- _Task data_
● ● ● ●

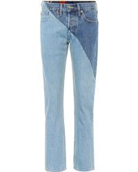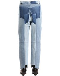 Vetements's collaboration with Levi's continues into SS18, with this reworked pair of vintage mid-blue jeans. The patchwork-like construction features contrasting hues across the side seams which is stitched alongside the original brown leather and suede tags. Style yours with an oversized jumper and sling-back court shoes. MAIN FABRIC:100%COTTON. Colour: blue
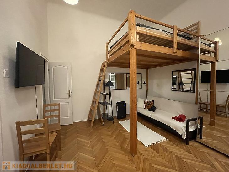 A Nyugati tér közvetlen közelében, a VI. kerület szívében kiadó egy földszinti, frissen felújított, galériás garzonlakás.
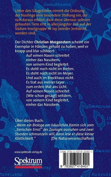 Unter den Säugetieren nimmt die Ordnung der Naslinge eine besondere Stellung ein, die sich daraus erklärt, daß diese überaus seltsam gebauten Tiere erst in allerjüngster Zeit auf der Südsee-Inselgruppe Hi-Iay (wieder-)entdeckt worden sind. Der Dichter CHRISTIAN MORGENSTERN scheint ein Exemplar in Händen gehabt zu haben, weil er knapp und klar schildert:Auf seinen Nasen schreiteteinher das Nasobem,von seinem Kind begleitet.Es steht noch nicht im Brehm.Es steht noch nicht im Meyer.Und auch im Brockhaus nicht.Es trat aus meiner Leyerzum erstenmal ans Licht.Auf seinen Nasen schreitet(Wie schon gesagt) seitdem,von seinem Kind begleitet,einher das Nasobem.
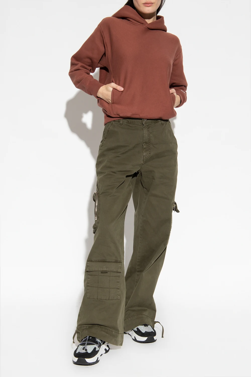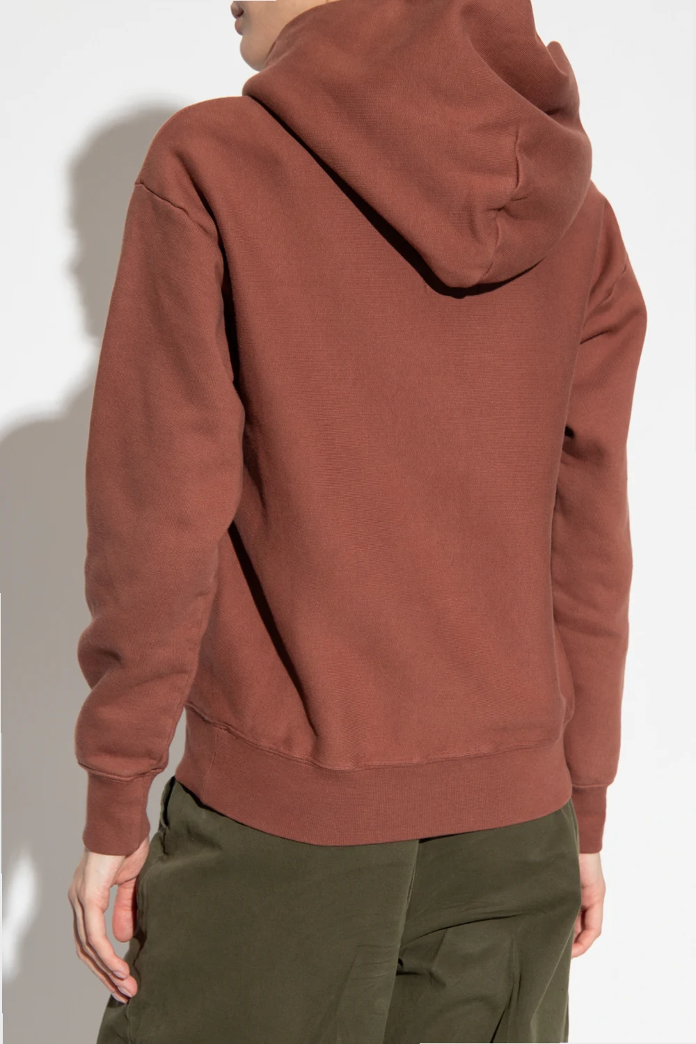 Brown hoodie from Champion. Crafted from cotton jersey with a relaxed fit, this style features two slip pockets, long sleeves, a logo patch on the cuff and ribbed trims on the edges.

● ● ● ●

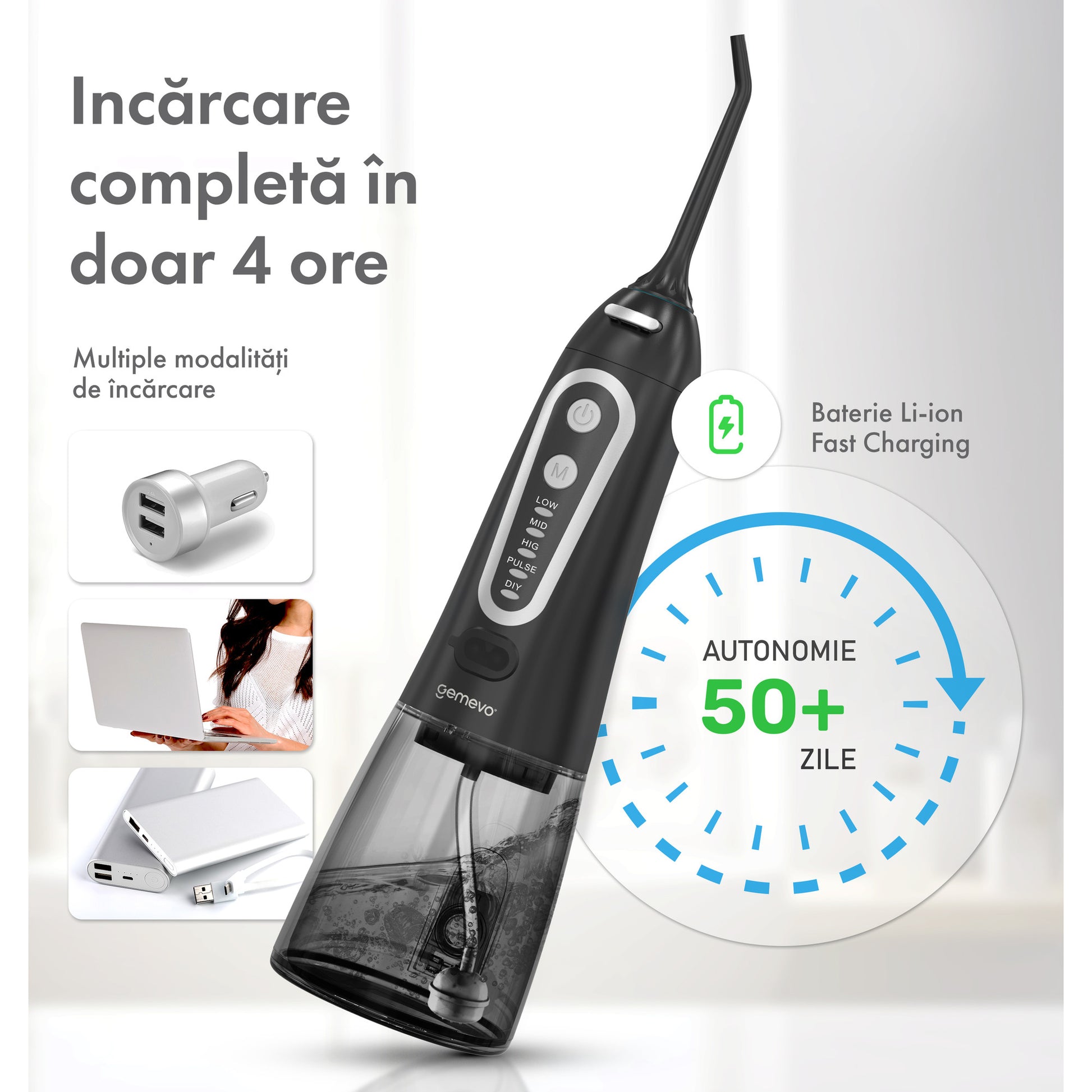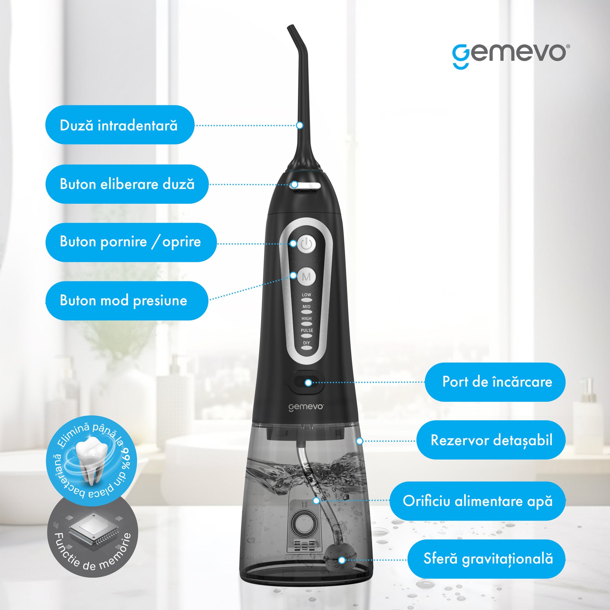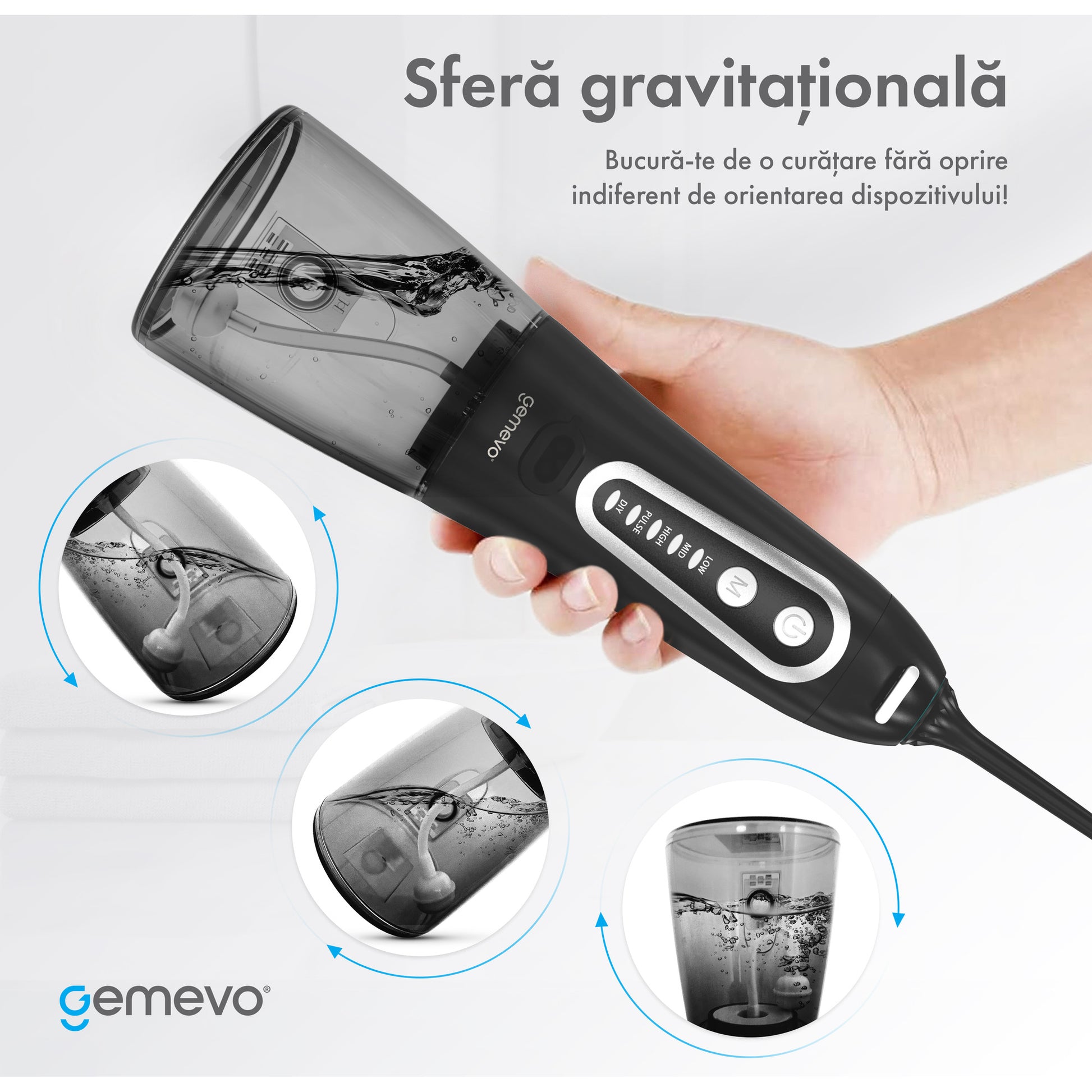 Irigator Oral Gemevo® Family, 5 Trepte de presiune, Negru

● ● ● ●

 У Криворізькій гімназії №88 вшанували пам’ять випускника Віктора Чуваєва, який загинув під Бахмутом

● ● ● ●

- _What needs to be done_
Beginning with the line that contains "Vetements's collaboration with" and ending with the line that contains "Brown hoodie from", reproduce the listing exactly, pictures excluded.

- _Answer to the exercise_
 Vetements's collaboration with Levi's continues into SS18, with this reworked pair of vintage mid-blue jeans. The patchwork-like construction features contrasting hues across the side seams which is stitched alongside the original brown leather and suede tags. Style yours with an oversized jumper and sling-back court shoes. MAIN FABRIC:100%COTTON. Colour: blue
 A Nyugati tér közvetlen közelében, a VI. kerület szívében kiadó egy földszinti, frissen felújított, galériás garzonlakás.
 Unter den Säugetieren nimmt die Ordnung der Naslinge eine besondere Stellung ein, die sich daraus erklärt, daß diese überaus seltsam gebauten Tiere erst in allerjüngster Zeit auf der Südsee-Inselgruppe Hi-Iay (wieder-)entdeckt worden sind. Der Dichter CHRISTIAN MORGENSTERN scheint ein Exemplar in Händen gehabt zu haben, weil er knapp und klar schildert:Auf seinen Nasen schreiteteinher das Nasobem,von seinem Kind begleitet.Es steht noch nicht im Brehm.Es steht noch nicht im Meyer.Und auch im Brockhaus nicht.Es trat aus meiner Leyerzum erstenmal ans Licht.Auf seinen Nasen schreitet(Wie schon gesagt) seitdem,von seinem Kind begleitet,einher das Nasobem.
 Brown hoodie from Champion. Crafted from cotton jersey with a relaxed fit, this style features two slip pockets, long sleeves, a logo patch on the cuff and ribbed trims on the edges.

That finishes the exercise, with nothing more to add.